Gleichzeitig hatten die Behörden im Oktober 2023 mit etwa 350 weniger Gesuche aus der Ukraine zu tun als im Jahr davor. Im Oktober 2023 stellten knapp 2500 Personen einen Antrag für den Status S.
Auch wenn die Bearbeitung von Asylanträgen aufwendiger ist als diejenige der Status-S-Gesuche, ist derzeit nur teilweise nachvollziehbar, warum das SEM wieder Pendenzen aufbaut.
Einschulung der Kinder verzögere sich
Dass die Migrationsbehörden derzeit mit der Bearbeitung der Gesuche nicht mehr vollständig nachkommen, bedeutet nichts Gutes für die geflüchteten Menschen. Denn auch angesichts der neusten Angriffe Russlands könnten wieder vermehrt Schutzbedürftige aus der Ukraine in anderen Teilen Europas Unterschlupf suchen.

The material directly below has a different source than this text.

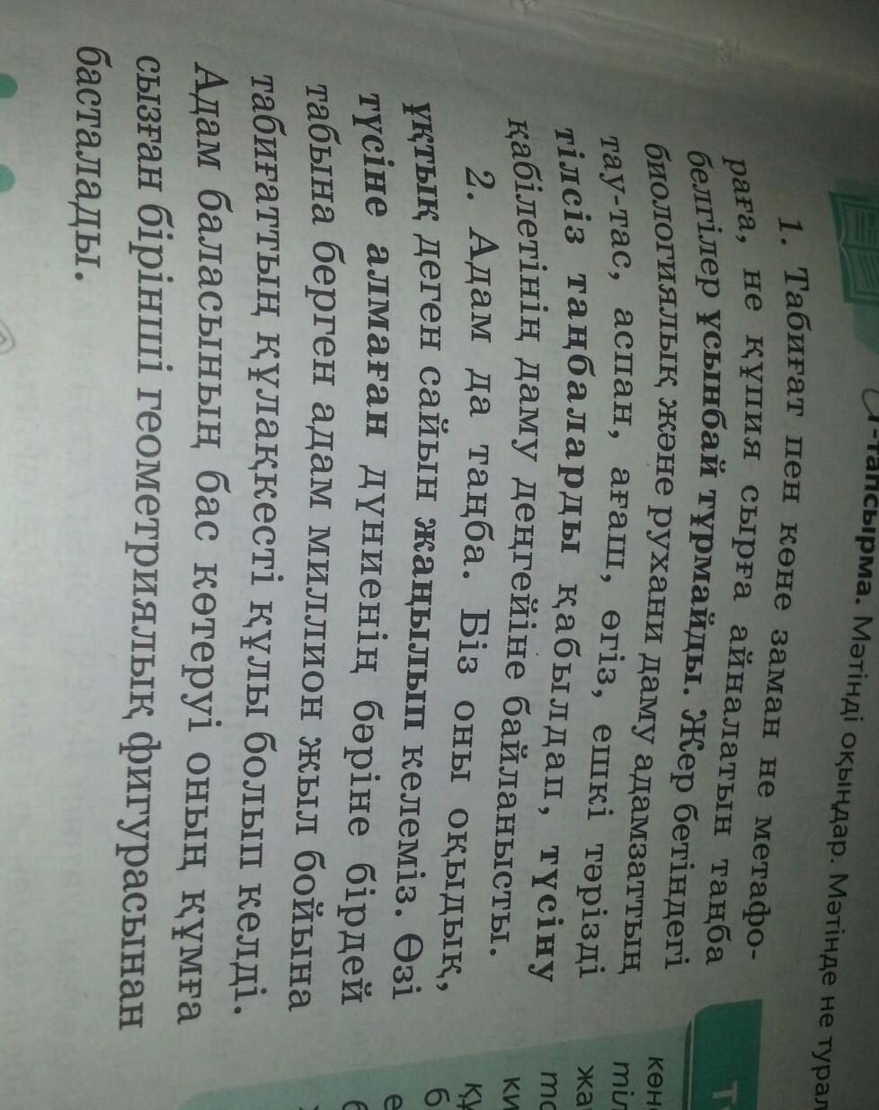 3-тапсырма. Мәтіннің 1-бөлігіндегі қарамен берілген сөздердің анто-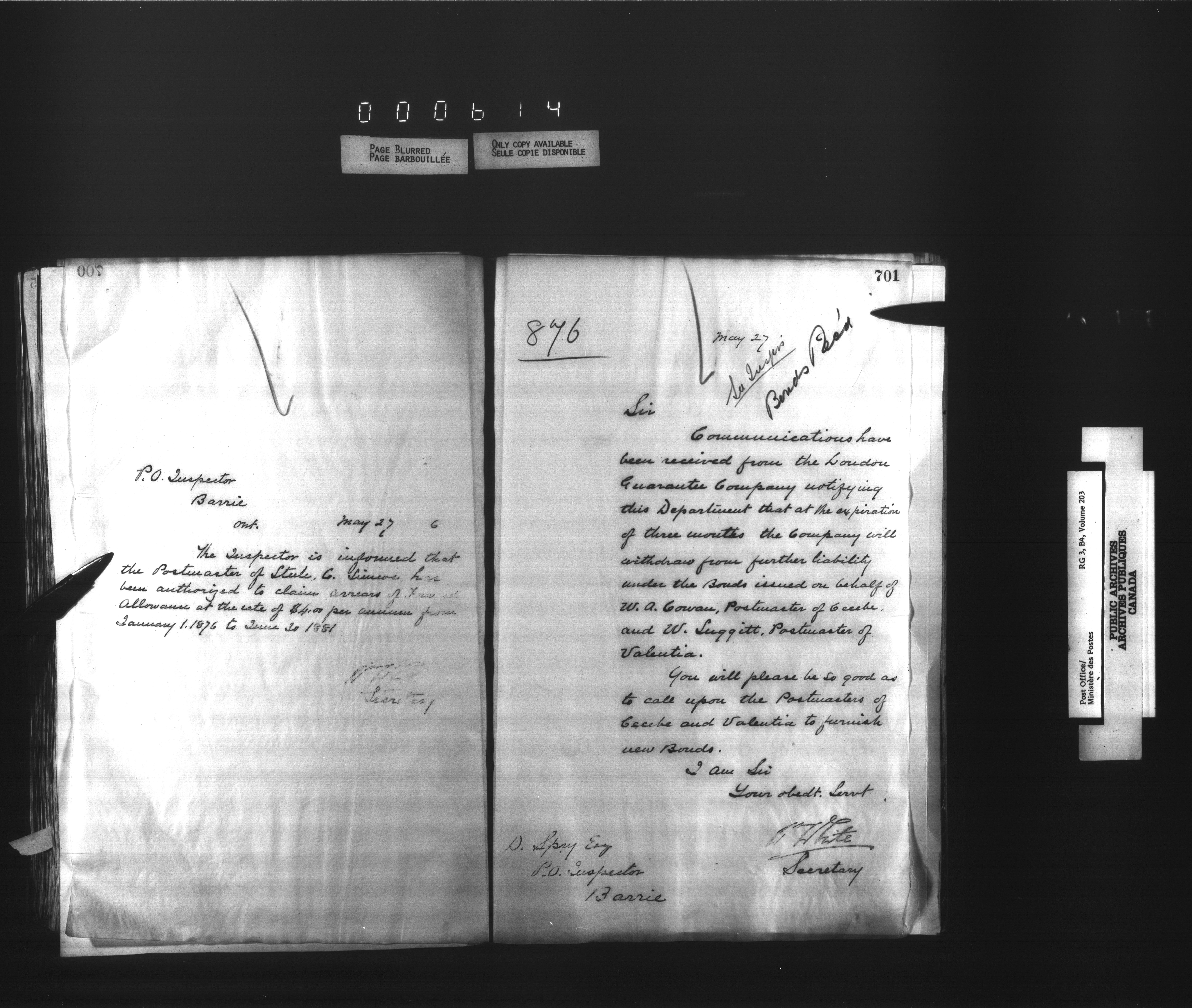 Deputy Postmaster General : correspondence addressed to the Post Office Inspectors, 1851-1902 : T-1536

Auch bei der Schweizerischen Flüchtlingshilfe (SFH) sorgt die schleppende Beantwortung der ukrainischen Gesuche für Stirnrunzeln: «Für die Betroffenen bedeutet dies, dass sie länger in den Kollektivunterkünften bleiben und erst später auf die Kantone verteilt werden, wo sie zum Beispiel in Gastfamilien untergebracht werden und arbeiten könnten», sagt SFH-Sprecher Lionel Walter. Selbst die Einschulung der Kinder verzögere sich deshalb. «Wir bedauern diese Situation, haben aber Verständnis dafür, dass das SEM mit den derzeitigen Ressourcen nicht schneller arbeiten kann.» Bei den Flüchtlingsorganisationen sorgt man sich aber darum, was passiert, wenn plötzlich wieder ähnlich viele ukrainische Staatsbürger bei uns Schutz suchen, wie das im Frühjahr 2022 der Fall war.
Kurz- und mittelfristig dürfte der Migrationsdruck nicht abnehmen. Die Unterkünfte für Asylsuchende waren in den vergangenen Monaten zeitweise am Anschlag.